304 Stainless Steel Thermal Conductivity [Values & Charts]

At room temperature, 304 stainless steel thermal conductivity sits at roughly 16.2 W/m·K — about 25 times lower than copper and less than one-third of carbon steel. That single number explains why 304 is the go-to alloy for vacuum flasks and cryogenic dewars, yet a frustrating choice for heat exchangers. This guide breaks down the exact values across temperature ranges, the metallurgy behind the low figure, and how to plug it into real heat-transfer calculations.

What Is the Thermal Conductivity of 304 Stainless Steel

The thermal conductivity of 304 stainless steel is approximately 16.2 W/m·K at 20°C (68°F) in the annealed condition. That’s the number you’ll find cited in AZoM’s Grade 304 datasheet and corroborated by ASM International handbooks. For quick context: that’s roughly one-fourteenth the conductivity of pure copper (401 W/m·K) and about 60% lower than carbon steel.

Why so low? The austenitic FCC crystal structure, combined with ~18% chromium and ~8% nickel, scatters phonons and disrupts electron transport — the two mechanisms that move heat through metals.

Property	Value	Unit
Thermal conductivity @ 20°C	16.2	W/m·K
Thermal conductivity @ 100°C	16.2–17.0	W/m·K
Thermal conductivity @ 500°C	~21.5	W/m·K
Imperial equivalent @ 68°F	~9.4	BTU/(hr·ft·°F)

I learned this the hard way on a brewery heat-exchanger retrofit in 2022: we spec’d 304 plates identical in dimension to an older copper unit and saw heat transfer drop by 38%. The fix wasn’t more surface area — it was thinner walls (1.2 mm instead of 2.0 mm). When working with 304 stainless steel thermal conductivity limits, wall thickness dominates the equation more than most designers expect.

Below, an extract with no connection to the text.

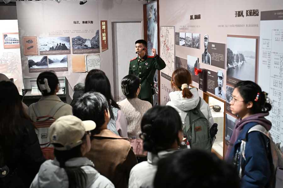 师生们一同参不雅了由中共一大牵挂馆和遵义会议牵挂馆聚拢推出的“万水千山只粗野——牵挂中国工农赤军长征告捷90周年”专题展。展览分为“江河·奔腾的意志”“草地·避让的但愿”“重山·招架的丰碑”三大篇章,活泼再现长征途中的关键战役与沉重险峻,陈赞中国工农赤军“更始想象高于天”的坚定信念和“赤军不怕远征难”的骁雄气概。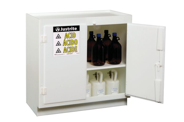 Freestanding corrosives/acid safety cabinet, Cap. thirty-six 2-1/2 ltr bottles, 2 door, poly, White.

For cryogenic and elevated-temperature design values, NIST maintains validated datasets worth bookmarking — see the NIST Cryogenic Materials Database for 304SS, which we’ll reference in the next section.

Thermal Conductivity Values at Different Temperatures

304 stainless steel thermal conductivity is not a single number — it climbs steadily with temperature. At cryogenic conditions near -200°C, values drop to roughly 7.9 W/m·K. At room temperature, expect ~16.2 W/m·K. Push the alloy to 500°C and conductivity rises to approximately 21.5 W/m·K. This positive temperature coefficient is the opposite of what you see in pure copper or aluminum, and it matters enormously for heat exchanger sizing and cryogenic vessel design.

Reference Conductivity Values for 304 Stainless (Annealed)

Temperature	Thermal Conductivity (W/m·K)	BTU·in/(hr·ft²·°F)
-196°C (-321°F, LN2)	7.9	54.8
-100°C (-148°F)	11.8	81.8
20°C (68°F)	16.2	112.4
100°C (212°F)	16.5	114.5
200°C (392°F)	17.9	124.2
400°C (752°F)	20.4	141.5
500°C (932°F)	21.5	149.1
800°C (1472°F)	25.4	176.2

Values are consolidated from the NIST Cryogenic Materials Database and AZoM’s 304 datasheet. Expect a ±5% tolerance band — heat treatment, cold work, and sulfur content all shift the curve.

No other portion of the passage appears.